▸ **What to work on**: Repeat the listing below in full and exactly. Pictures are to be omitted.

====== Supplied information ======

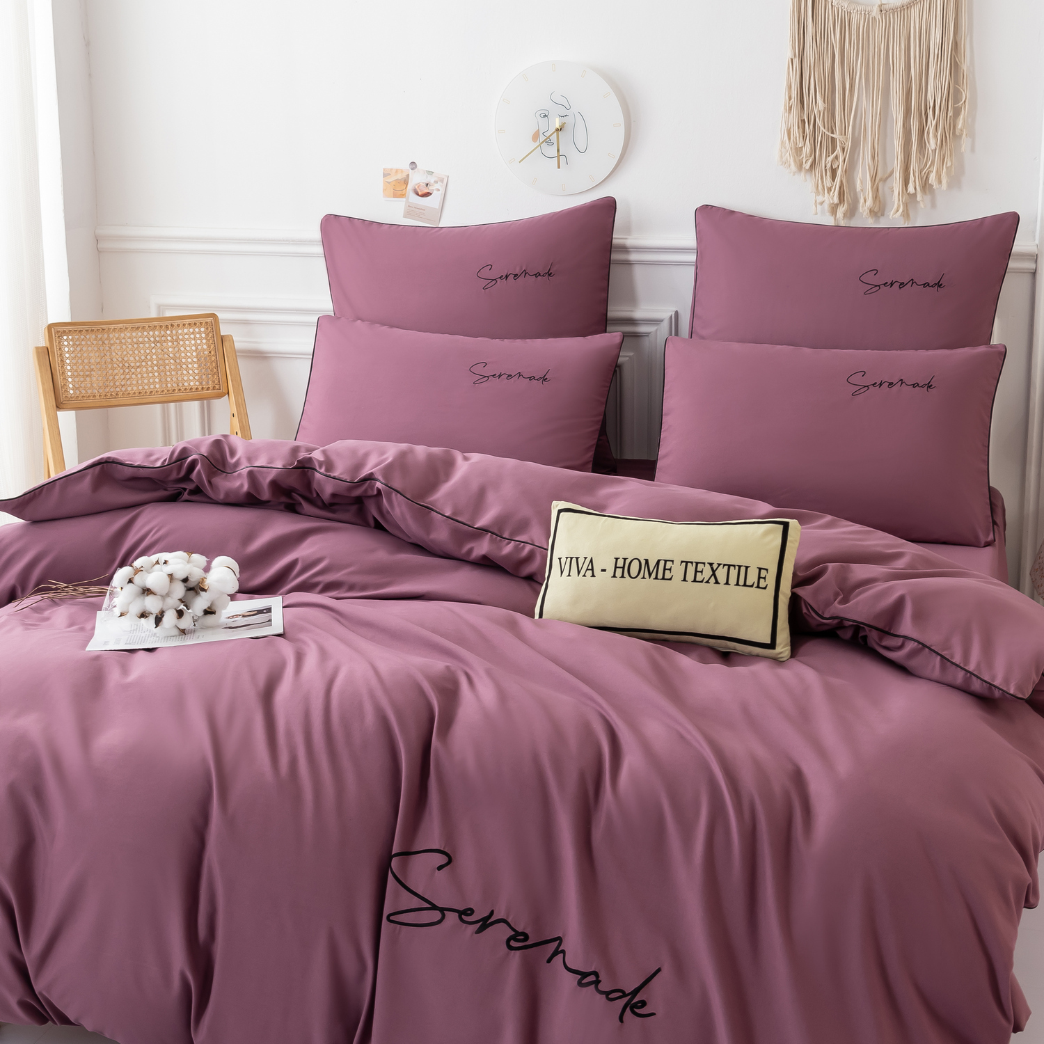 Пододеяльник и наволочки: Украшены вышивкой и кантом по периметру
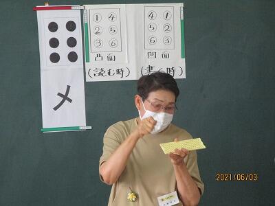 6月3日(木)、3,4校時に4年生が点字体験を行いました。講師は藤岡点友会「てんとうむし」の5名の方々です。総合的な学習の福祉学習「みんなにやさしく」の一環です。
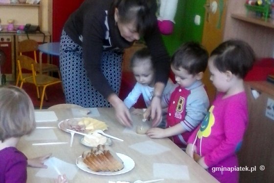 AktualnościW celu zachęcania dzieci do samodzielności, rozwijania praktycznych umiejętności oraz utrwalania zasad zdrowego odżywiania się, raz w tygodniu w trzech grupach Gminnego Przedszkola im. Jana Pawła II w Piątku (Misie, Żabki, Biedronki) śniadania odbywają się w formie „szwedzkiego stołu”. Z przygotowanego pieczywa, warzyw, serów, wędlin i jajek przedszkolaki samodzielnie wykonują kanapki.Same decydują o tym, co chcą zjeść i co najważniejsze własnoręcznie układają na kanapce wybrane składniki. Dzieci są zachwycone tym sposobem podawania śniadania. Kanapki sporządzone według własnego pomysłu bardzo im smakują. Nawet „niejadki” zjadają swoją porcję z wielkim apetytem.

======

▸ **Answer to the problem**:
 Пододеяльник и наволочки: Украшены вышивкой и кантом по периметру
 6月3日(木)、3,4校時に4年生が点字体験を行いました。講師は藤岡点友会「てんとうむし」の5名の方々です。総合的な学習の福祉学習「みんなにやさしく」の一環です。
 AktualnościW celu zachęcania dzieci do samodzielności, rozwijania praktycznych umiejętności oraz utrwalania zasad zdrowego odżywiania się, raz w tygodniu w trzech grupach Gminnego Przedszkola im. Jana Pawła II w Piątku (Misie, Żabki, Biedronki) śniadania odbywają się w formie „szwedzkiego stołu”. Z przygotowanego pieczywa, warzyw, serów, wędlin i jajek przedszkolaki samodzielnie wykonują kanapki.Same decydują o tym, co chcą zjeść i co najważniejsze własnoręcznie układają na kanapce wybrane składniki. Dzieci są zachwycone tym sposobem podawania śniadania. Kanapki sporządzone według własnego pomysłu bardzo im smakują. Nawet „niejadki” zjadają swoją porcję z wielkim apetytem.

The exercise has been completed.